Craiga 01453 (08-24-2018)

----------


## rlditmars

Sorry for your loss friend.

----------

Craiga 01453 (08-24-2018)

----------


## hilabeans

Hugs Craig.  Very sorry for the loss of your sweet friend.

----------


## Craiga 01453

Thanks all.

----------

_tttaylorrr_ (08-25-2018)

----------


## BR8080

Sorry to hear - the loss of a pet is tough.

----------

Craiga 01453 (08-25-2018)

----------


## Craiga 01453

> Sorry to hear about your loss craig! What size tank do that need as adults? A 55?
> 
> edit: spelling


I recommend at least a 75 gallon. The width and height of a 55 is fine, but the 12" depth really is too narrow. 
My two others are adults in a 75 and doing well.

----------


## MissterDog

I'm so sorry Craig! Jax seemed like he was such a personable little guy! Rest in peace sweet Jax

----------

Craiga 01453 (08-25-2018)

----------


## C.Marie

My heart breaks for you and your girlfriend it's the worse part of pets is the hole in your heart when they leave, I know you did everything you could to take care of your precious friend . Just keep swimming sweet little Jax in that big fish bowl in the sky. ~healing hugs from across the miles ~

----------

Craiga 01453 (08-26-2018)

----------


## PiperPython

Really sorry for your loss. Whenever someone or something passes, I always wonder why we inflict this pain upon ourselves. But it's because the many years of love and excitement are what get us through the tougher times.

I'm not sure if it's insensitive to ask to see a picture of him, if you have one, but photos help make the experience a little more real for us, too.

Keep your head up.
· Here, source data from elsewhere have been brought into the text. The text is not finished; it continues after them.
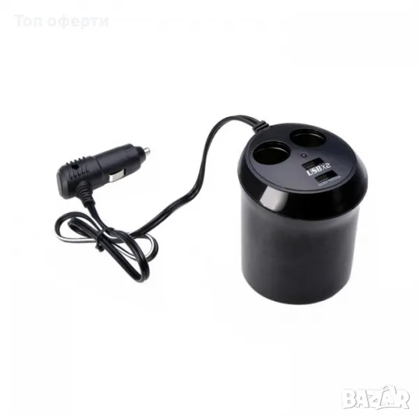 Разклонител с 2 гнезда за запалка и 2 USB порта разположени в горната част.
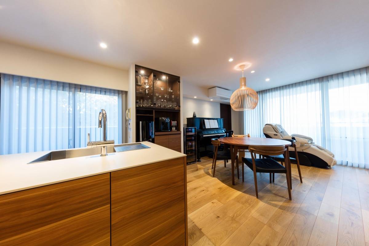 カラーは家具と建具をシックなウォルナットに、床をそれよりも明るいオークで仕上げました。色のコントラストがはっきりとしているのでぼやけたイメージにならず、メリハリがついたモダンな雰囲気に仕上がりました。
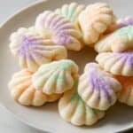 A white plate holds a ring of small, shell-shaped cookies with a soft, pale cream color and a slightly crumbly texture. Each cookie has ridged edges creating a scalloped pattern. Sprinkles of purple, orange, and green sugar crystals are scattered on top, giving a delicate colorful shimmer to the cookies. The cookies overlap slightly, arranged in a loose circle on a surface with a white marbled texture. Photo taken with an iphone --ar 4:5 --v 7
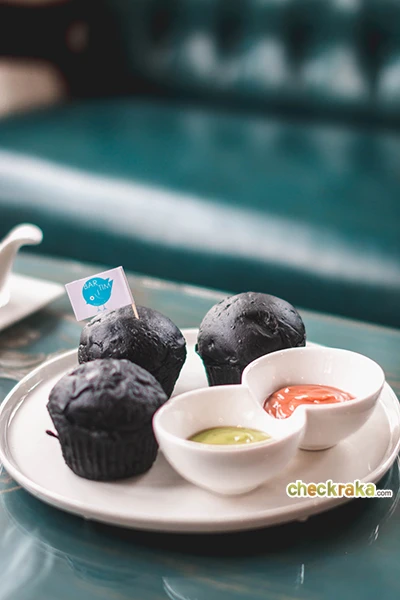 ช่วงนี้ชาโคลมาแรงมากๆ ที่นี่ก็ไม่พลาดค่ะ ขนมปังชาโคลพร้อมดิปสังขยาและชาไทย
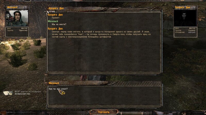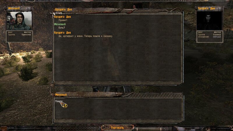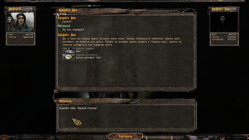 Mówimy z Bradziagą Dikiem. Jest niewidomy ale ma psa przewodnika. Ten ma nas doprowadzić do grobu Czarnego w którym jest artefakt. Po drodze potykamy się z napastnikami i mutantami. Na miejscu Włóczęga sam wchodzi w anomalię i wychodzi z artem. Ruszamy do Dziadka. Tam dostajemy art. Przychodzi SMS, że się jeszcze spotkamy.
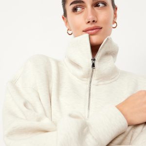 Bounce Fleece Zip Jacket: Featuring Bounce Fleece. A smooth, cooling finish that feels good and looks chic everywhere you go.mock neck, long drop-shoulder sleeves, on-seam pockets, full-zip front, breathable, #805759
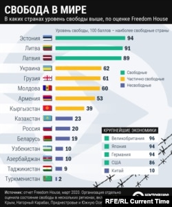 Международная неправительственная организация Freedom House опубликовала ежегодный отчет "Свобода в мире – 2020".

Rest In Peace Jax

----------

C.Marie (08-26-2018),Craiga 01453 (08-26-2018)

----------


## Craiga 01453

Thanks all. It was a busy past few days with work and a wedding, but today we are burying Jax and saying a few words. I'm sitting here typing and getting teary eyed (perfect timing after replying to @redshepherd thread about men and machismo, hahaha).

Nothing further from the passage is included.